* **Work to be completed**: Exact copy, pictures excluded: output the lines from the opening of the entries through the line bearing "Couverture Sherpa Fleurs".

=== Section Start ===

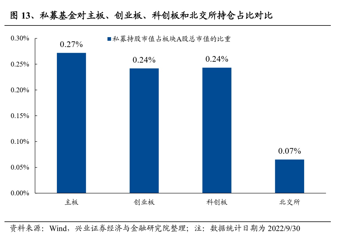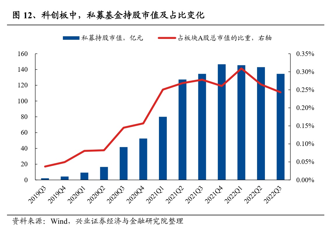 私募在科创板的持仓占比接近创业板和主板的水平。截至2022Q3,私募持股市值占科创板总市值的比重为0.24%,与其创业板的持仓水平相当,略低于主板的0.27%。
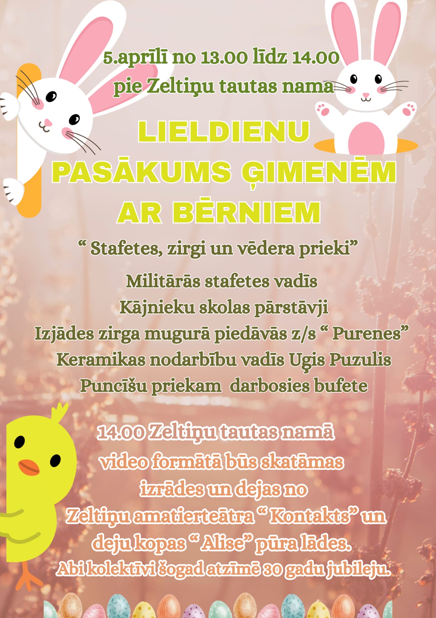 13.00 pie Zeltiņu tautas nama Lieldienu pasākums ģimenēm ar bērniem “Stafetes, zirgi un vēdera prieki”. Militārās stafetes vadīs Kājnieku skolas pārstāvji. Izjādes zirga mugurā piedāvās z/s “Purenes”. Keramikas nodarbību vadīs […] |
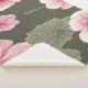 Couverture Sherpa Fleurs roses sur arrière - plan vert
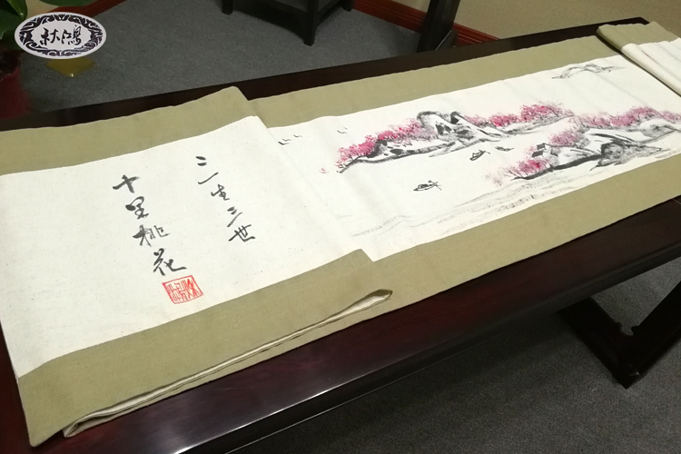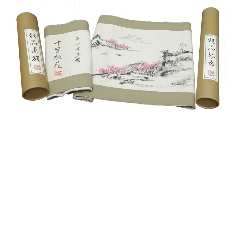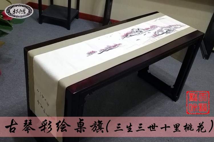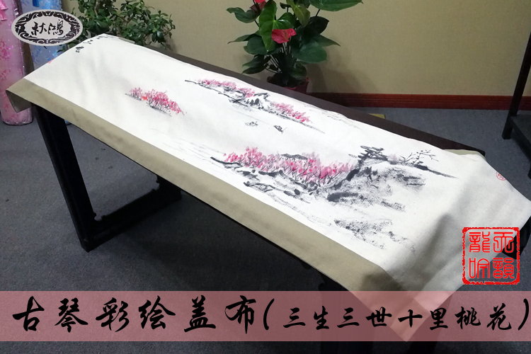Qiuhong brand hand-painted guqin table flag cover cloth Zen dust-proof cloth tablecloth linen material Sansheng Sanshi Shili Peach Blossom
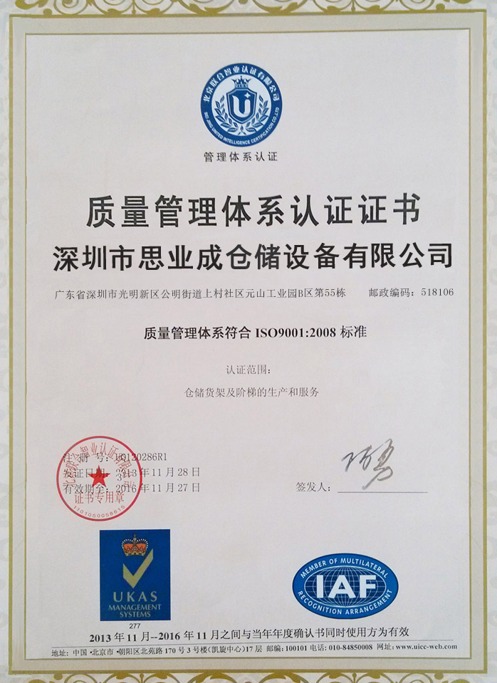 质理管理体系认证证书
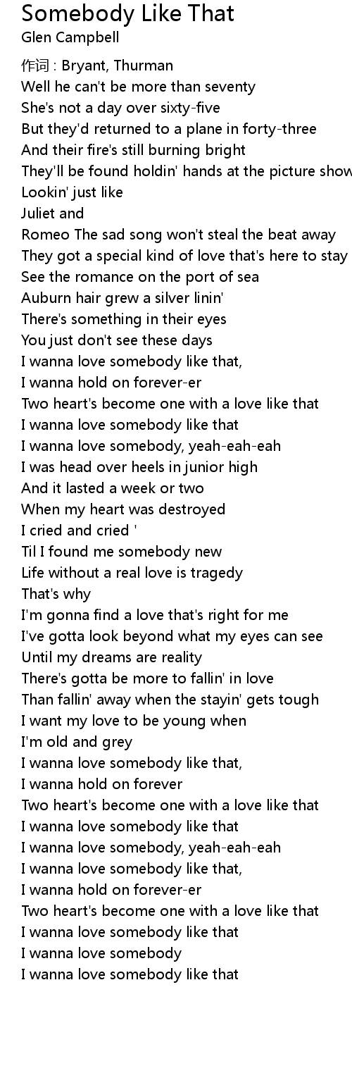 | I wanna love somebody like that |
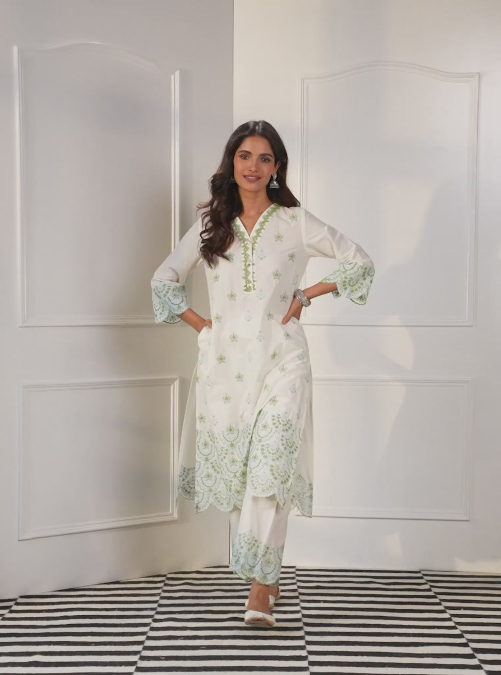 Mulmul Cotton Aviana White Kurta With Aviana White Pant
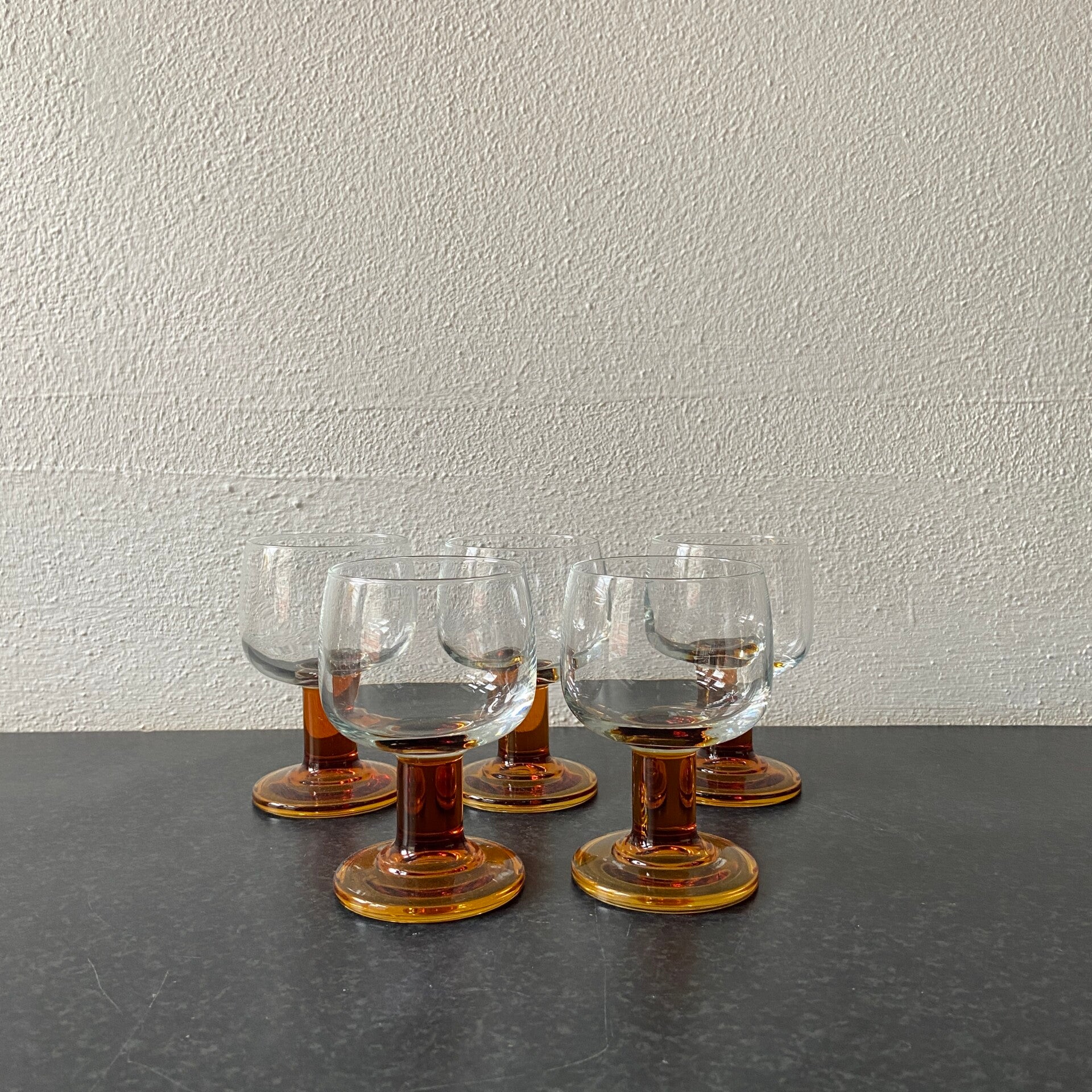 Zeer mooie set kleine wijnglazen op amberkleurige voet uit Frankrijk in perfecte staat.
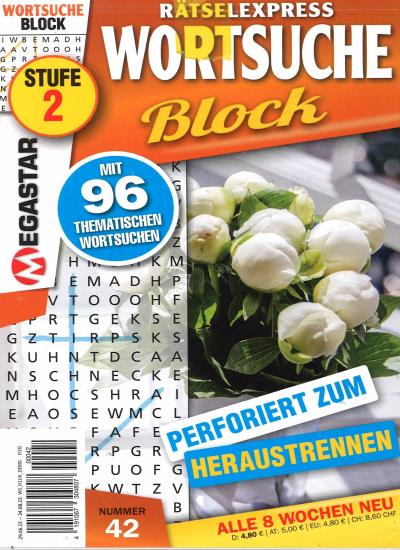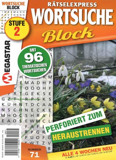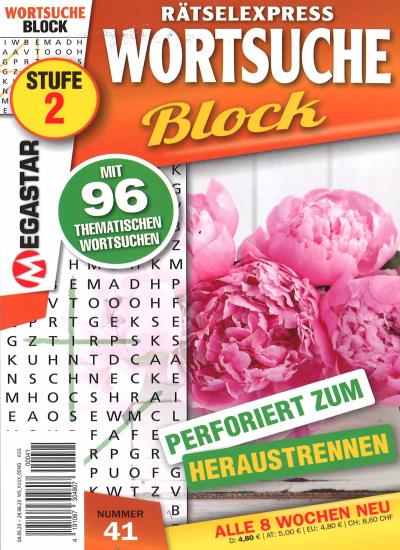 Sie erhalten WORTSUCHE BLOCK ab der nächst erreichbaren Ausgabe zum Heftpreis von zur Zeit 5,20 € (inkl. MwSt. und Versand). WORTSUCHE BLOCK erscheint zur Zeit 12 x im Jahr. Sie erhalten im Jahresabonnement 12 Ausgaben.
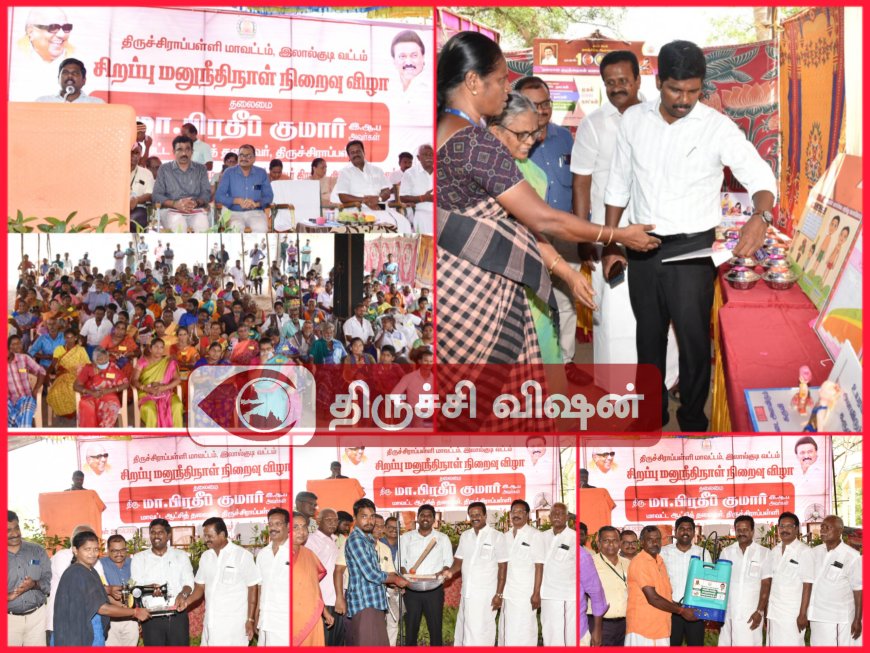 திருச்சிராப்பள்ளி மாவட்டம், இலால்குடி வட்டம், கீழ்பெருங்காவூர் கிராமம் புனித பிலோமினால் ஆர். சி.நடுநிலைப்பள்ளி வளாகத்தில் இன்று (26.04.2023) நடைபெற்ற சிறப்பு மனுநீதி நாள் முகாம் நிறைவு விழா நடைபெற்றது.
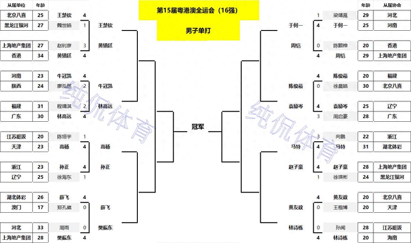 4号种子樊振东(上海)4-0完胜周雨(河北);8号种子林高远(广东)4-2战胜程靖淇(福建);9号种子黄镇廷(香港)4-3战胜赵钊彦(上海);10号种子陈俊菘(福建)4-0完胜徐晨皓(北京)。
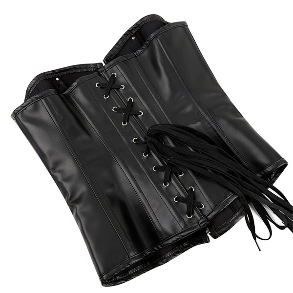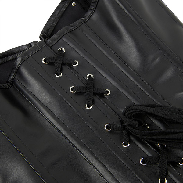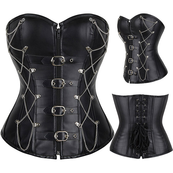 This is a bold and edgy strapless corset that combines a faux leather PU material, criss-cross chain detail, and front buckle design for a punk-inspired and rebellious look. Pair it with ripped jeans or a mini skirt for a punk-inspired and edgy look.
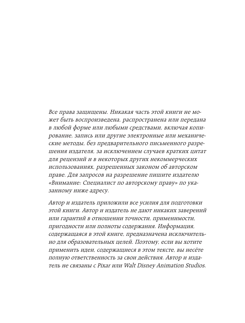 Бестселлер Амазона! 10 глав — 10 советов, каждый из которых аргументируется на основе уже существующих анимационных фильмов компании. Будет интересна начинающим писателям и сценаристам, которые хотят научиться рассказывать истории, а также поклонникам мультфильмов Pixar, которым интересно узнать больше о создании их любимых историй. В обновленном дополненном издании автор книги добавил разбор новинок студии, таких как «История игрушек 4», «Вперед», «Душа», «Базз Лайтер» и «Элементарно»!
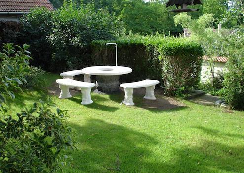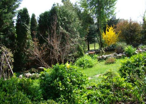 Der Garten ist 1342 qm groß und wunderschön angelegt, mit einem Gartenteich, exotischen Pflanzen, einem blühenden Ziergarten, großen Hecken, Zierbäumen, Ziergräsern, Büschen und Sträuchern. Der hintere Garten verfügt über alte Bäume, einen Gartenkamin und einen kleinen Weinkeller.
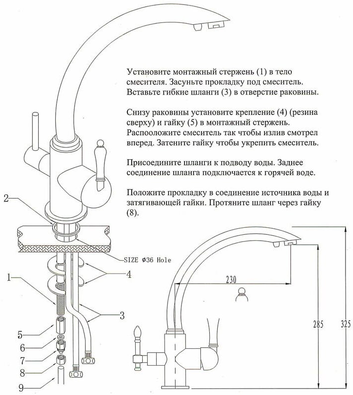 | Подача питьевой воды | через совмещенный излив |
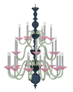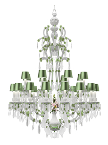 Using white glass and colouring the steel structure, adding coloured glass elements and coloured lamp shades, combine to achieve a completely contemporary light piece. Introduced in several new colour schemes and complemented by its softer appearance, the chandelier now suits a wider range of interior spaces, bringing fresh luxury and a sense of light-hearted splendour. Traditionally, the steel structure was embodied in clear glass. Now, it is embodied in coloured glass inspired by nature, which is visible from the edges and sides, adding a further level of interest – the experience of colour changes as you move around the chandelier. Opaque white glass both gently diffuses the light, and the impression that the chandelier gives to the room.

=== Section End ===

* **Reply**:
 私募在科创板的持仓占比接近创业板和主板的水平。截至2022Q3,私募持股市值占科创板总市值的比重为0.24%,与其创业板的持仓水平相当,略低于主板的0.27%。
 13.00 pie Zeltiņu tautas nama Lieldienu pasākums ģimenēm ar bērniem “Stafetes, zirgi un vēdera prieki”. Militārās stafetes vadīs Kājnieku skolas pārstāvji. Izjādes zirga mugurā piedāvās z/s “Purenes”. Keramikas nodarbību vadīs […] |
 Couverture Sherpa Fleurs roses sur arrière - plan vert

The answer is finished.